>>

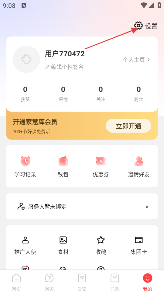 1、在“我的”页面,点击右上角的【设置】按钮,进入设置界面。
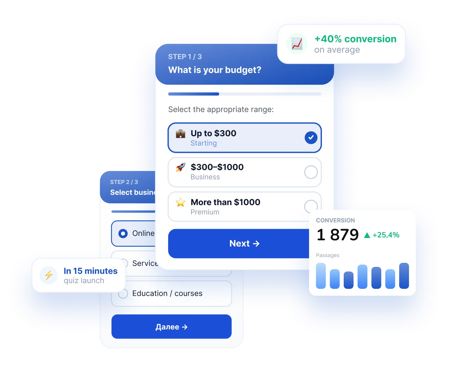 Квиз можно использовать как сценарий подбора: по ответам пользователя система помогает сегментировать аудиторию и предлагать более точное решение.
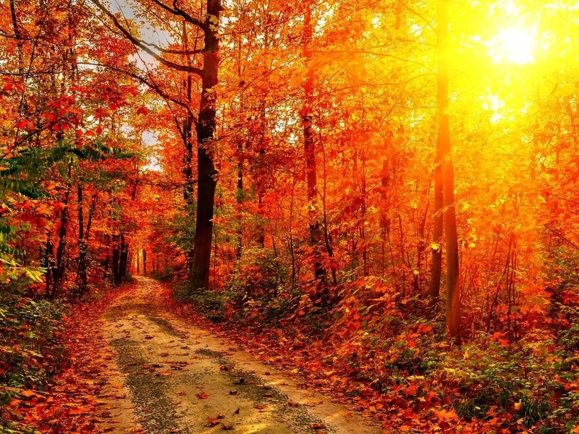 Las, Droga, Promienie, Słońca, Jesień
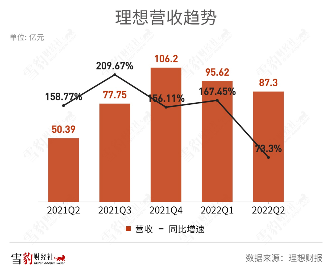 二季度,理想营收同比增长73%至87.3亿元,与前几个季度的三位数高增速对比相形见绌。这一成绩,还是在4月理想ONE提价1.18万元的情况下创造的。
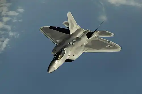 An F-22 Raptor flies over Kadena Air Base, Japan, Jan. 23 on a routine training mission. The F-22 is deployed from the 27th Fighter Squadron at Langley Air Force Base, Va.
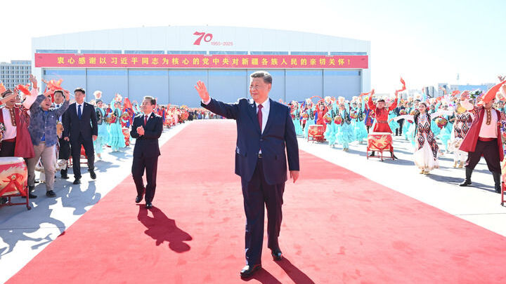 习近平率中央代表团抵达乌鲁木齐出席新疆维吾尔自治区成立70周年庆祝活动
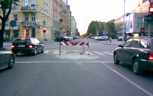 Un tātad - Bruņinieku un Brīvības ielu krustojums. 2009.gada 13.septembris. Aiz stoplīnijas uzstādīts vertikālais ceļa apzīmējums Nr. 912.

<<

TASK DETAILS
Of all the material above, only the lines from the one that has "Квиз можно использовать" down to the one that has "二季度,理想营收同比增长73" are to be written out, exactly and with both ends included. Pictures are skipped.

THE ANSWER
 Квиз можно использовать как сценарий подбора: по ответам пользователя система помогает сегментировать аудиторию и предлагать более точное решение.
 Las, Droga, Promienie, Słońca, Jesień
 二季度,理想营收同比增长73%至87.3亿元,与前几个季度的三位数高增速对比相形见绌。这一成绩,还是在4月理想ONE提价1.18万元的情况下创造的。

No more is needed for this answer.